I was also required to attend summer school if I planned on graduating in four years, and I had to give up my dream of studying abroad.
Those decisions were hard to make, but I made them so that I could become the teacher I wanted to be. Eventually, due to the difficulty of my course load and my being so young and not prepared to take such advanced courses in history, I did poorly.
I was then told that I might not be able to enter the department, or possibly enter but be under probation. I proceeded to worry.
So, I fought to get the chance to do a full fifth year. This elevated my money woes, but it was worth it to become a teacher. Eventually, I was told that if I dropped a major, I could get through faster.
I proceeded to drop my Spanish degree, even though the department was one of my pride and joys.
Then, the changes came.
And, like angry mob, all I saw was anger, betrayal and resentment. I was then told that with the new changes, I would need to do overloads in semesters in order to graduate in five years.

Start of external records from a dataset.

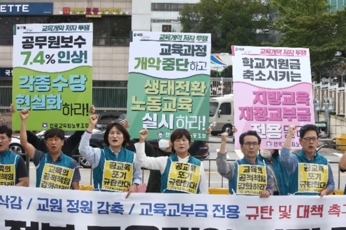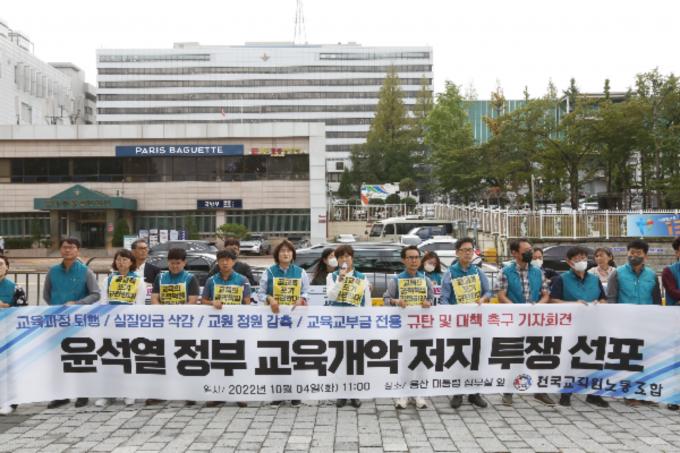 전희영 전국교직원노동조합(전교조) 위원장과 조합원들이 4일 오전 서울 용산구 윤석열 대통령 집무실 앞에서 열린 '윤석열 정부 교육 개악 저지 투쟁' 선포 기자회견에서 구호를 외치고 있다. 참가자들은 유초중고의 예산깎기 중단, 실질임금 삭감에 따른 각종수당 현실화, 교원정원 확보, 교육교부금 전용 금지 등으로 공교육을 정상화할 것을 주장했다.
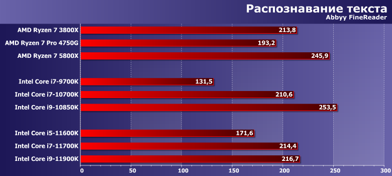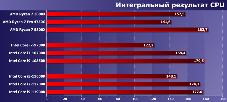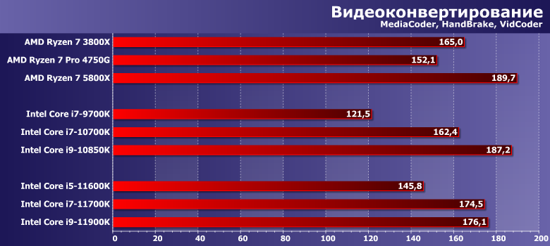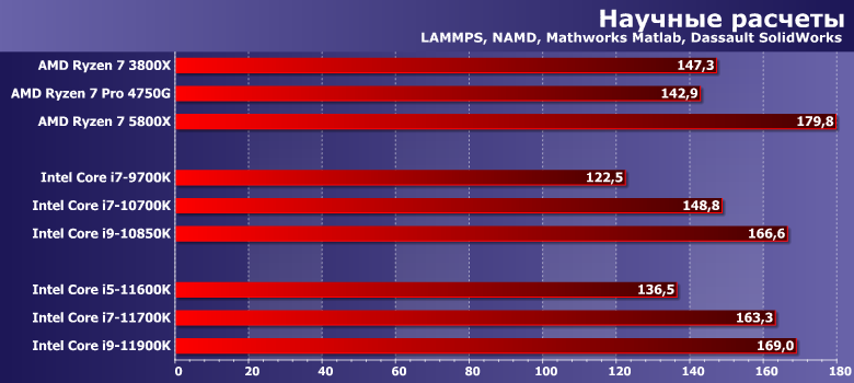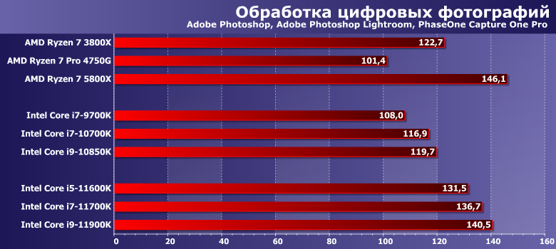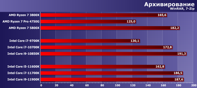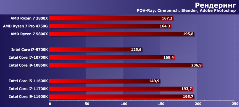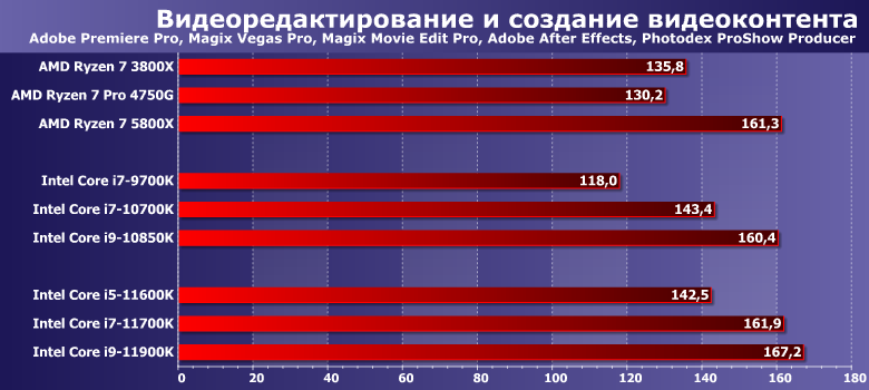Без существенных изменений. Разве что в этих программах Cypress Cove можно и вовсе уравнять с Zen3, но... У AMD есть модели с существенно большим количеством ядер, да и Core i9 «десятого поколения» по этой же причине хоть немного, но впереди (хотя после освоения AVX512 картина может и измениться — но на это нужно время, ввиду традиционной тормознутости программистов). Опять же — последние тоже могут обходиться без дискретной видеокарты, да и поставки APU на базе Zen3 не за горами — причем AMD обещает куда большую доступность этих моделей, нежели для 4000-го семейства. Так что получилось неплохо. Но хотелось бы большего.
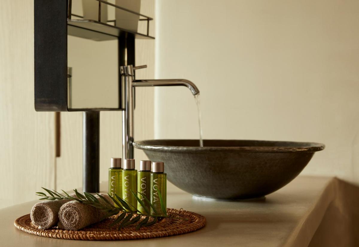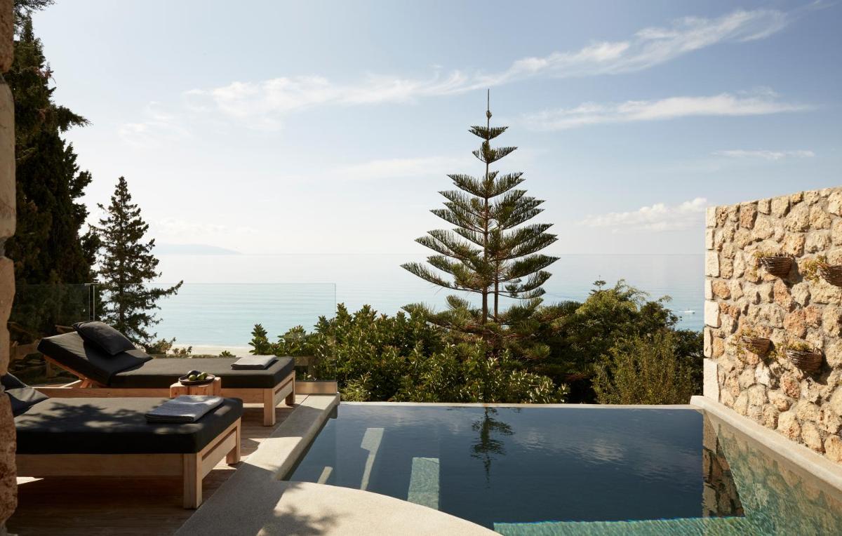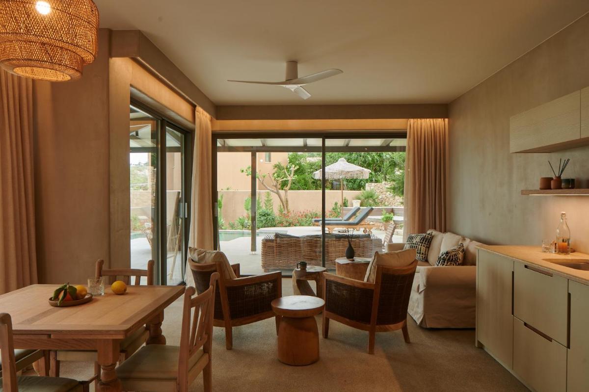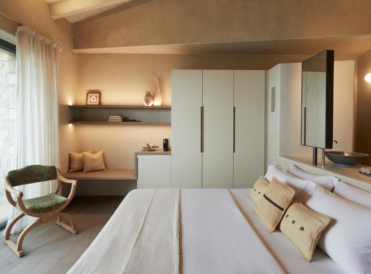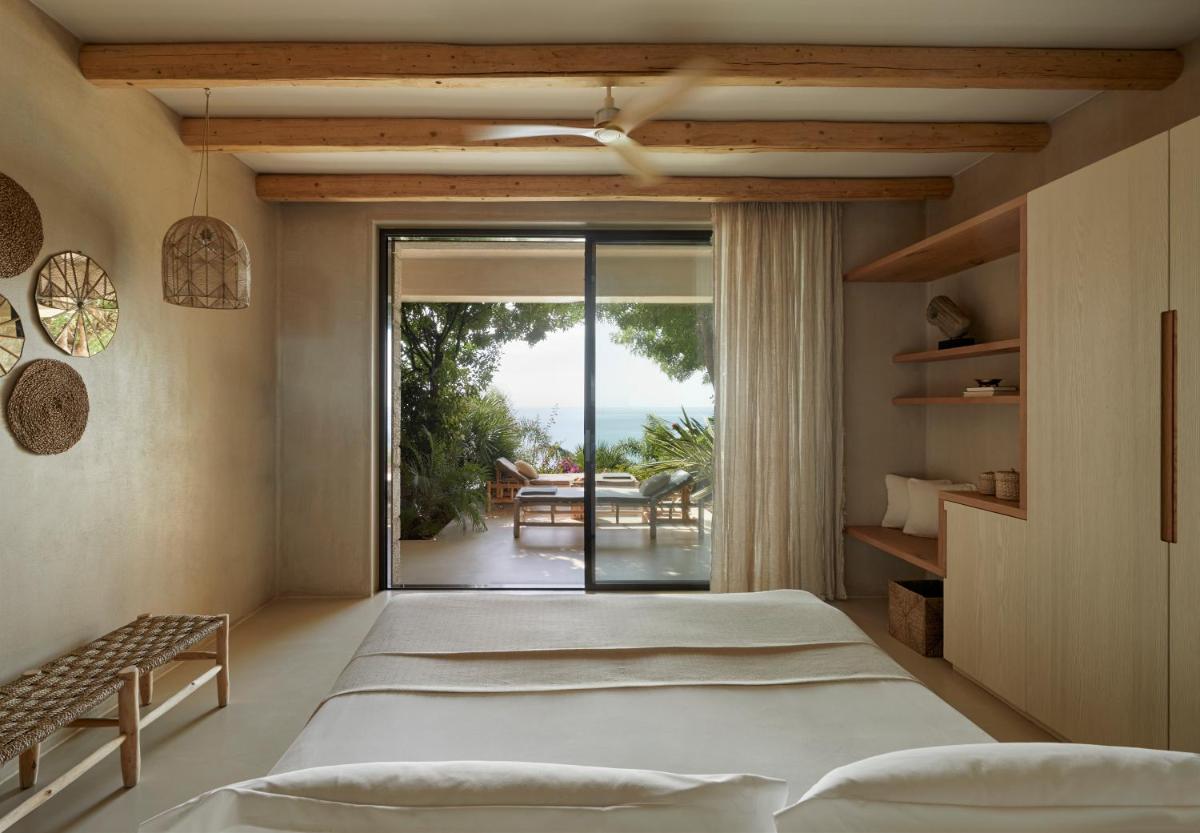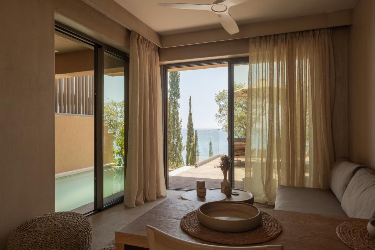 Das Design ist von Land und Meer inspiriert, wobei natürliches Holz und lokaler Stein ausgiebig verwendet werden. Die Zimmer, Suiten und Villen sind als persönliche Heiligtümer konzipiert, mit eleganter und minimalistischer Einrichtung. Viele Einheiten verfügen über private Pools oder Whirlpools mit Meerblick und schaffen so perfekte Außenbereiche für Kontemplation und Entspannung.
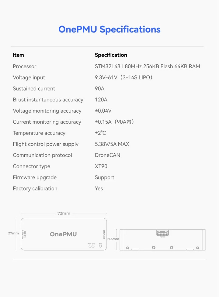ZeroOne OnePMU supports a broad 3S to 14S voltage input range, making it suitable for many industrial multirotor and VTOL power trains. The input uses an XT90 connector, which is commonly selected for higher-current battery connections and quick field swaps.
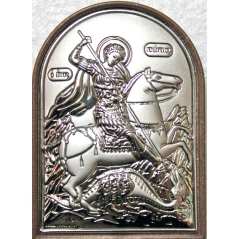 95,00 € – 120,00 €Price range: 95,00 € through 120,00 €Χειροποίητη επάργυρη εικόνα σε κορνίζα με τζάμι, με τον Άγιο Δημήτριο
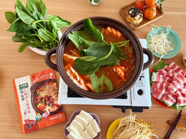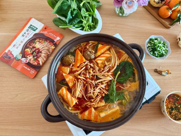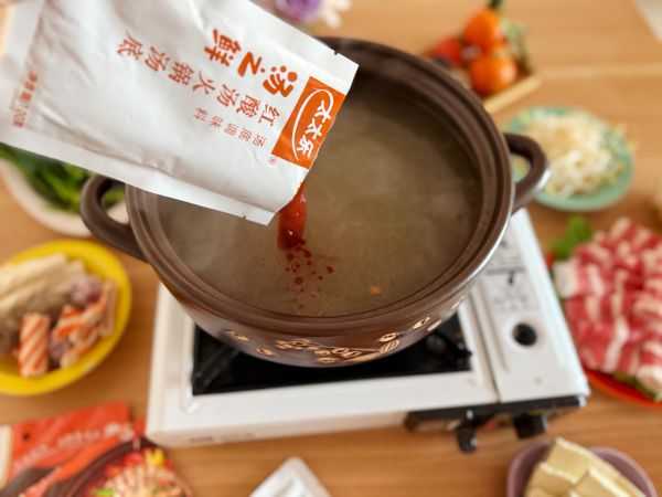 锅中加水烧热,取太太乐红酸汤火锅汤底料包入锅,番茄与辣椒的醇厚酸香,让汤底层次感瞬间提升!
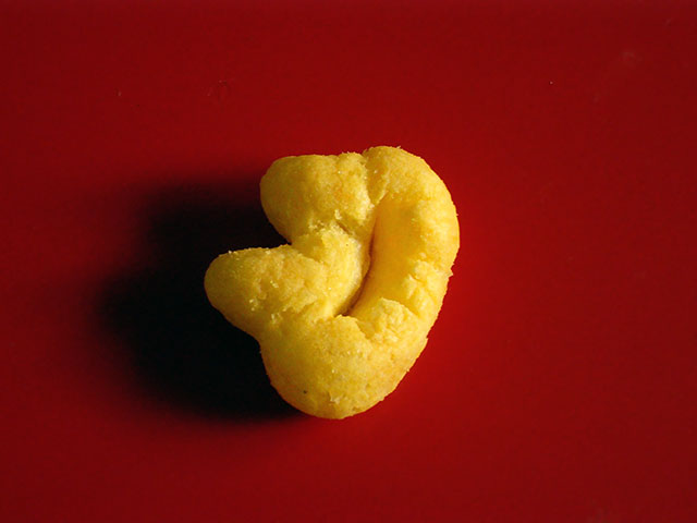 カール のチーズ味を独り我が物顔で食べていると、なにやら不思議な形のカールを発見。どこから見ても見紛う事無き カエルのケロ太 君です!
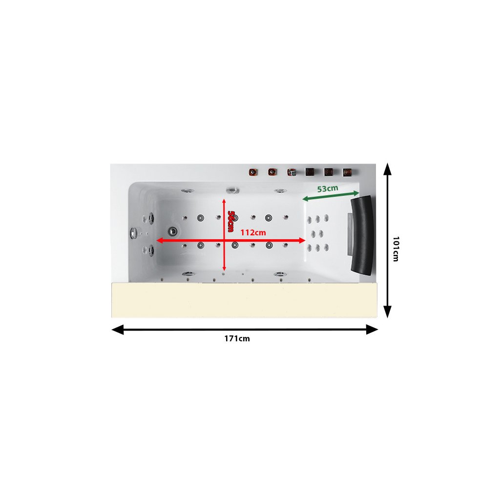 - 4 trysky na bocích vany (směrové/rotační)
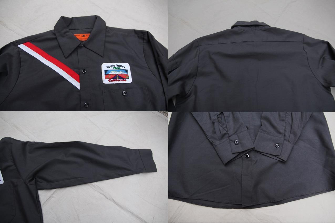 1990年代以降のRed Kap製長袖ワークシャツとなります。Dickies等と並びアメリカ低所得者の労働着として高いシェアを誇るブランドでこちらは胸にラインとワッペンが付くワークシャツとなります。ワッペンはカリフォリニアにあるApple Valleyのデザインなのでその町の企業労働着として生産された物かと思います。チャコールグレーで素材はコットンとポリエスターの混紡素材です。ワークシャツの割に使用感が少なく大変良い状態となります。サイズもM-Rですのでサイズの合う方、ワークシャツ等がお好きな方は是非ご検討下さい。
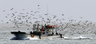 A fishing boating comes back to port on Yeonpyeong Island shrouded in seagulls, Apr. 15. The area around Yeonpyeong is still a flashpoint in...
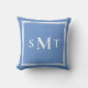 Create your own personalised monogram throw pillow featuring three letter monogram initials in blue colour.
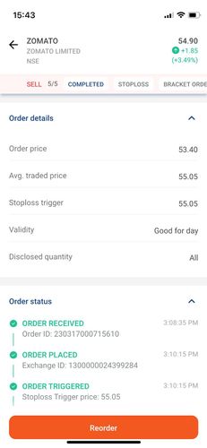 - We can see that the Stoploss order has completed at 55.05 and the Target order of 61.10 has been canceled.
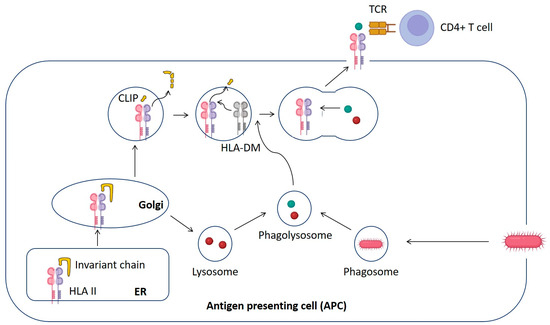 In contrast, HLA class II molecules synthesized by antigen-presenting cells associate with the invariant (Ii) class II chain in the endoplasmic reticulum. These stabilized complexes, without bound antigenic peptides, are transported directly to different specialized endosomal compartments where the Ii chain is progressively proteolyzed until only a fragment known as the class II-associated invariant chain peptide (CLIP) remains. CLIP interacts with the antigen-binding site of the HLA class II molecule to prevent binding of pathogenic peptides from endogenous HLA class I pathways. Next, interaction of CLIP/HLA class II complexes with the accessory molecule HLA-DM induces conformational changes in the HLA class II molecules, and subsequent release of CLIP from this HLA molecule exposes the antigenic peptide binding site. This HLA-DM protein acts as a chaperone that stabilizes HLA class II molecules without CLIP, to ensure binding to high-affinity peptides. This organelle fuses with late endosomes containing exogenous protein material, such as extracellular host proteins and/or viral particles previously engulfed by phagocytosis, endocytosis, or pinocytosis. This exogenous material is processed by various lysosomal resident cathepsins. This results in viral peptides of varying length [9]. Finally, the binding of these antigenic peptides of different lengths (up to 30 residues long), which interact productively with specific residues of the antigen-binding site of the HLA class II molecule, stabilizes these class II peptide/HLA complexes, allowing their subsequent transport to the cell membrane, where they can be recognized by CD4+ T lymphocyte receptors (Figure 2) [9]. The recognition of viral ligands bound to HLA class I molecules triggers multiple immune activities, including secretion of cytokines, B-cell antibody class switch, and the growth and activation of cytolytic T lymphocytes, thereby increasing the bactericidal activity of phagocytic cells.
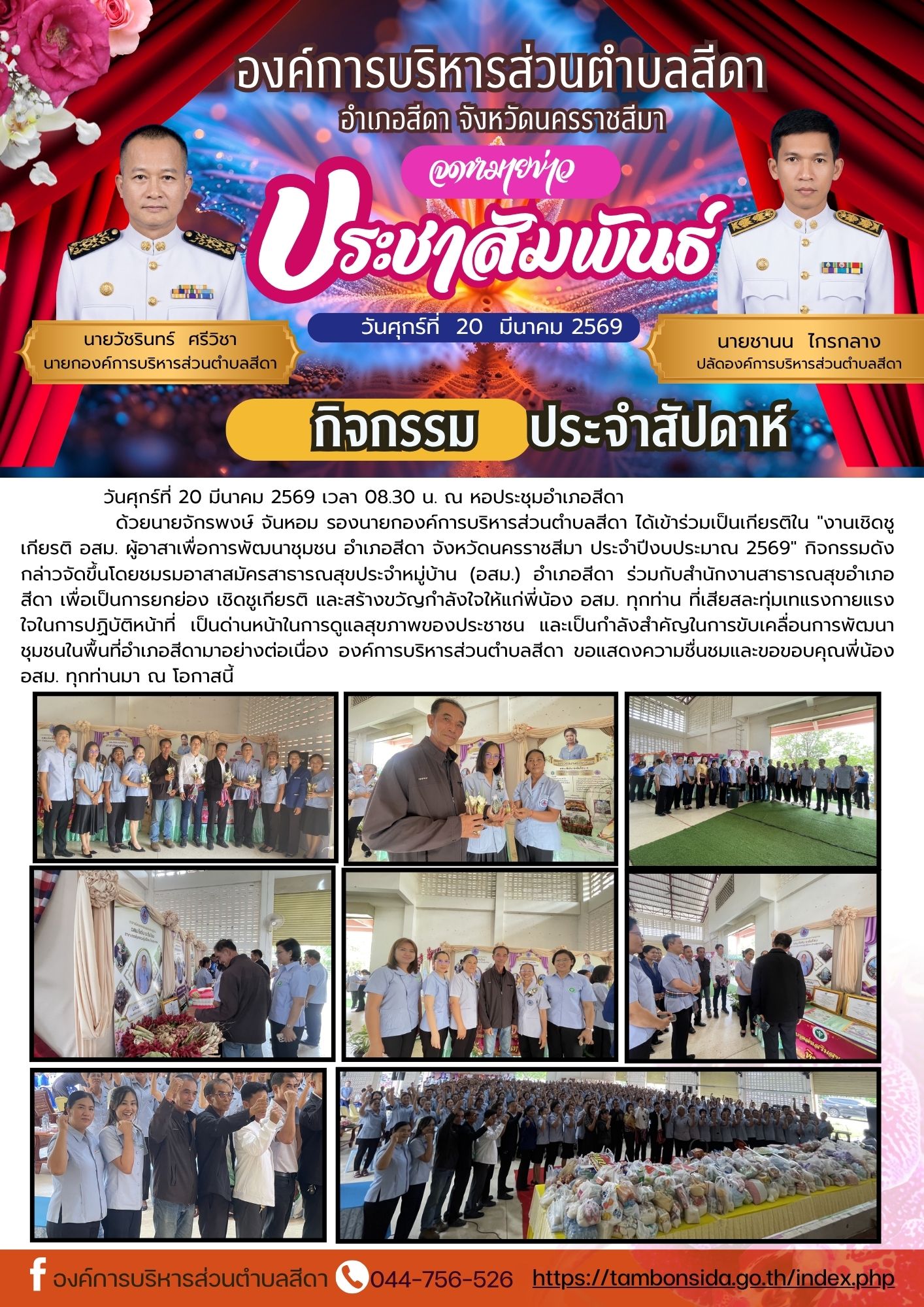 นายจักรพงษ์ จันหอม รองนายกองค์การบริหารส่วนตำบลสีดา ได้เข้าร่วมเป็นเกียรติใน "งานเชิดชูเกียรติ อสม. ผู้อาสาเพื่อการพัฒนาชุมชน อำเภอสีดา จังหวัดนครราชสีมา ประจำปีงบประมาณ 2569"

Also, due to errors made by a certain individual, I found out that some courses were not offered when I scheduled them. The straw that broke the camel’s back was shown and raised above my head for peroration for the course of actions that would proceed after this blow: “Is it possible to do a sixth year?” I flat-out told the individual no and that I quit.
The decision was hard to make, but the amount of incompetence which permeated from this course of events made me feel like the Frank Grimes of Monmouth College.
The next move was to tell my friends.
What would happen next haunts me as a professional to this day. As I began to tell people that I was leaving the department, I was given congratulations not just by those who dropped it, but also by those still in the department who were working on student teaching. Thirty individuals who were completing or going to student teach shook my hand and said with the deepest remorse, “IF I ONLY HAD THE COURAGE TO DO IT I WOULD BE WITH YOU.”
The tortured continue to march into classes which are meant to fill their heads with the understanding of learning and theory and feel that they are not prepared. Students are being made to commute for 35 minutes to work for an hour, and return with no compensation for the gas that it will take for them to get to the job they completed. They have been given no options but to take the bull by the horns and grit through and become teachers because they feel they have no choice.
As of now there is one lone student who has come to the battle line and is attempting to figure out where all of this comes from.
I greatly applaud her for her work and her effort.
However, it is the education department’s job to figure out the discontent and what is going wrong, and not the job of a student.
We are a school of the liberal arts, and yet those who will teach and fill the minds of young children cannot take part in this tradition because the education department has nearly made it impossible, not only to study abroad, but to take courses outside of our major.
They speak of over-crowding in classrooms as there is a 1:100 ratio of tenure-track professors in the department and classes which have over 30 students. These kinds of issues are things that I, along with many others, have become concerned about over the years.
My suggestion is to have the education department explain themselves and answer to the complaints of so many who have left because of scorn of the indifferent, cold and arrogant department that has now become the antithesis to learning and the liberal arts.